这是此帖的后续问题: Loop through dataframe in R and measure time difference between two values
我已经获得了以下代码的极好帮助,以计算某个刺激与下一个刺激之间的时间差(以分钟为单位):
df$Date <- as.POSIXct(strptime(df$Date,"%d.%m.%Y %H:%M"))
df %>%
arrange(User,Date)%>%
mutate(difftime= difftime(lead(Date),Date, units = "mins") ) %>%
group_by(User)%>%
filter((StimuliA==1 | StimuliB==1) & lead(Responses)==1)`
数据集:
structure(list(User = c(1L, 1L, 1L, 2L, 2L, 3L, 3L, 3L, 3L, 3L,
4L, 4L, 4L, 4L, 4L, 5L, 5L, 5L), Date = c("24.11.2015 20:39",
"25.11.2015 11:42", "11.01.2016 22:46", "26.11.2015 22:42", "04.03.2016 05:45",
"24.11.2015 13:13", "25.11.2015 13:59", "27.11.2015 12:18", "28.05.2016 06:49",
"06.07.2016 09:46", "03.12.2015 09:32", "07.12.2015 08:18", "08.12.2015 19:40",
"08.12.2015 19:40", "22.12.2015 08:50", "22.12.2015 08:52", "22.12.2015 08:52",
"22.12.2015 20:46"), StimuliA = c(1L, 0L, 0L, 1L, 1L, 1L, 0L,
1L, 0L, 0L, 1L, 1L, 0L, 0L, 0L, 0L, 0L, 0L), StimuliB = c(0L,
0L, 0L, 0L, 0L, 0L, 0L, 0L, 0L, 0L, 0L, 0L, 0L, 1L, 0L, 0L, 0L,
0L), Responses = c(0L, 1L, 1L, 0L, 0L, 0L, 1L, 0L, 1L, 1L, 0L,
0L, 1L, 0L, 1L, 1L, 1L, 1L)), .Names = c("User", "Date", "StimuliA",
"StimuliB", "Responses"), class = c("tbl_df", "tbl", "data.frame"

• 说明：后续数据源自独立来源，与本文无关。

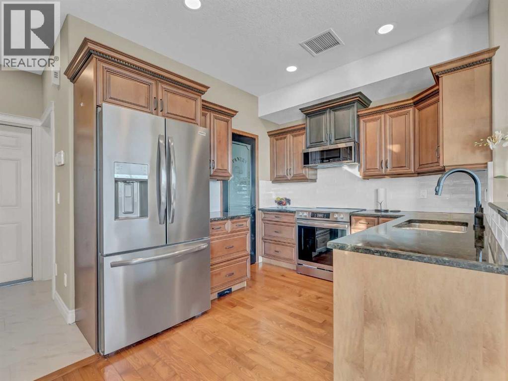 Take in the beautiful river valley views from this spacious 3-bedroom executive condo in the Palisades. This unique three-story walkout is designed to make the most of the scenery, with large picture windows on the main and upper levels that fill the home with natural light and frame the stunning landscape. The layout is perfect for anyone wanting extra space or privacy, as each floor features its own bedroom and bathroom. Whether you have family staying with you or guests visiting, everyone can enjoy their own comfortable area. Inside, the home features quality finishes throughout, including maple cabinetry, granite countertops, stylish flooring, and a full appliance package. The condo has been well cared for and offers a warm and inviting feel the moment you walk in. The Palisades is a one-of-a-kind development in Medicine Hat, built into the hillside so every unit benefits from the gorgeous river hills and valley views. It’s a quiet, scenic place to call home! This condo truly needs to be seen in person to appreciate everything it offers—come take a look and enjoy the view for yourself! (id:53676)

), row.names = c(NA, -18L), spec = structure(list(cols = structure(list(
User = structure(list(), class = c("collector_integer", "collector"
)), Date = structure(list(), class = c("collector_character",
"collector")), StimuliA = structure(list(), class = c("collector_integer",
"collector")), StimuliB = structure(list(), class = c("collector_integer",
"collector")), Responses = structure(list(), class = c("collector_integer",
"collector"))), .Names = c("User", "Date", "StimuliA", "StimuliB",
"Responses")), default = structure(list(), class = c("collector_guess",
"collector"))), .Names = c("cols", "default"), class = "col_spec"))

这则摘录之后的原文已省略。